▸ **Provided material**
= = = = =
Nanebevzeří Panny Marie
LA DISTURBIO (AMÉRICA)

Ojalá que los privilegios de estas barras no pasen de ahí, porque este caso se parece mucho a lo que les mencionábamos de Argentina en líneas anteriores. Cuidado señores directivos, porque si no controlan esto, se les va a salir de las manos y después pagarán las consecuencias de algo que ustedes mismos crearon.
= = = = =
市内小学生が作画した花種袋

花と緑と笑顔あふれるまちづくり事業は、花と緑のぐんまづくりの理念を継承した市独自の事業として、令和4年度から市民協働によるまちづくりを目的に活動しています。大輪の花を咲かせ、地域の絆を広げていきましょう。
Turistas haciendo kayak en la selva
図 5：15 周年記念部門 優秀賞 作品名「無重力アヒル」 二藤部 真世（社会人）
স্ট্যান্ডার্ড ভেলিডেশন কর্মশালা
= = = = =
Take the lines above from the one containing "Nanebevzeří Panny Marie" to the one containing "Ojalá que los" and retype them exactly, both ends included, with nothing added.

▸ **The completed task**
Nanebevzeří Panny Marie
LA DISTURBIO (AMÉRICA)

Ojalá que los privilegios de estas barras no pasen de ahí, porque este caso se parece mucho a lo que les mencionábamos de Argentina en líneas anteriores. Cuidado señores directivos, porque si no controlan esto, se les va a salir de las manos y después pagarán las consecuencias de algo que ustedes mismos crearon.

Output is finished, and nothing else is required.